Aquaphor, Vanicream, anti scratch sleeves (see below notes), soft bamboo towel, favorite diaper balm + butt paddle (a non eczema related must have ; )

2. Favorite products in our routine

We’ve been told that minimally dyed 100% cotton, bamboo, and silk are recommended fabrics for eczema prone skin. In my experience, bamboo and silk have been more gentle on Nori’s skin than standard cotton.

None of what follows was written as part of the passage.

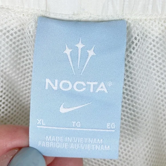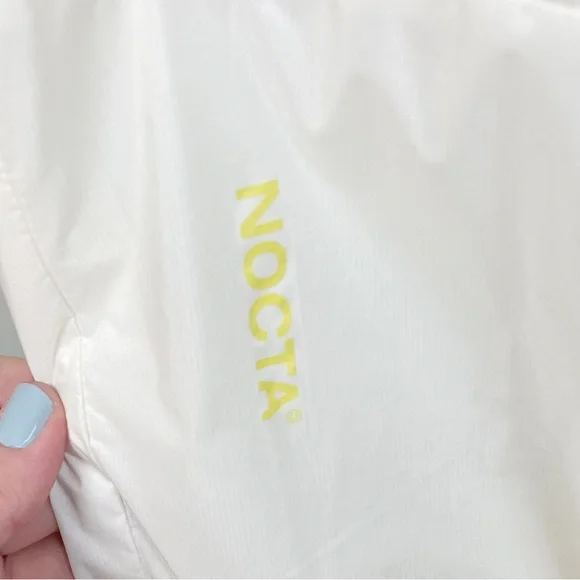 Nike x Drake Crossover NOCTA Golf Woven Pants ´White´ DJ5588-133Rare, no longer available Nike and Drake join forces again to create another highly-anticipated NOCTA capsule and this season it’s dedicated to golf. Made from lightweight and breathable polyester, these pants come equipped with five pockets to store your valuables when on the course, while elastic trims allow for the perfect fit. A golf tee badge on the back is seen throughout the collection, showcasing the rapper´s love for the sport.Men´s windbreaker athletic pants 100% PolyesterDrawstring Waist4 Front PocketsBack PocketPrinted BrandingElasticated TrimsStyle Code: DJ5588-133Size XLExcellent pre-owned condition Hardly worn Approximate measurements: Waist: 18.5" acrossRise: 14”Inseam: 28”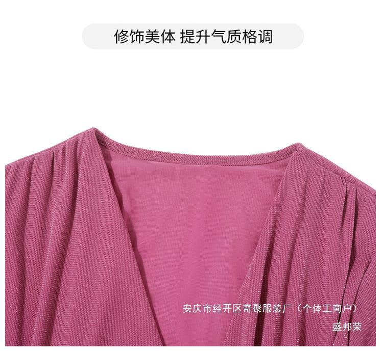 크로스 V 넥 메쉬 티셔츠 여성 긴팔 2024 가을 새로운 밝은 실크 셔츠 서양식 내부 레이스 바닥 셔츠 탑

  • Frarance-free gentle cleansers and moisturizers. We usually do not use soap at bath time as it can be harsh, instead a gentle cleanser wash like Honest, Babo, California Baby, Eucerin or a product like Aveeno with colloidal oatmeal to help the itching. For moisturizing, we’ll use an unscented, dermatologist-recommended lotion like Tubby Todd, Vanicream Cream, Cerave Cream, Hydrolatum or Eucerin and then pat some Cerave Healing Ointment on top of the rougher patches. (Note: ointments to use on smaller patches are thicker and usually clear, while lotions to use all over the body are a little thinner with a creamier consistency)
  • Anti scratching shrug sleeves. This concept was a recommendation from you guys and has been a GODSEND, especially for bedtime as she used to scratch herself bloody all the time. Here are two good options that we own:
    • Scratch Me Not are my favorite brand of sleeves,  they’re a good fit if you go by their wingspan measurements, durable quality with silk mittens.
    • Polka Pinka Etsy shop sews handmade scratch sleeves in several styles. Ours seem very soft and comfy for Nori, and the hands can flip open or shut. These are pricier but you’re also supporting a small minority-owned business. Note orders take do take some time to be made and shipped.
  • Silk crib sheets: A total luxury and splurge product (that mama doesn’t even get to indulge in), but we have 1 silk crib sheet from Silky Tots that’s extra nice and gentle on her face and scalp, especially when Nori would rub her head back and forth against cotton sheets til it was raw and bloody during bad eczema flare ups.
  • Zipper onesies with flip over mitts and footies, so you can cover a hand or foot, if needed. The foldover covers are more common in infant onesies but are getting hard to find in bigger toddler sizes! Here’s my 2 favorite brands that each also feature double zippers for easy diaper changes:
    • Little Sleepies bamboo zippies – super soft, stretchy, and lightweight so are especially nice in the summer. At first I thought these would be too thin for winter, but I LOVE them and we just layer if necessary. Only sizes up to 12-18 months have the foldover covers, which I’m bummed about as Nori is just about to outgrow that size. Due to the fabric, these are the only flipover mitts that she cannot break free from!
    • Kids Tales cotton blend zipper rompers – medium to thicker weight fabric. Nori lives in these at home and I love them for travel. Tag is on the outside so you need to trim it off. I’ve been very happy with these (favorites are the pineapple and watermelon print), but FYI I have found a fabric feel inconsistency and had to return one due to a broken zipper. Nori can break free from these foldover mitts overnight (so for bed time, I keep them open but layer a Scratch Me Not over it), however they work temporarily if I need her to stop scratching during a diaper change.
  • Bamboo hooded towel + washcloths. These are so soft, and the towel is a generous size.
  • Electric gentle nail file to help keep sharp nails from doing too much damage.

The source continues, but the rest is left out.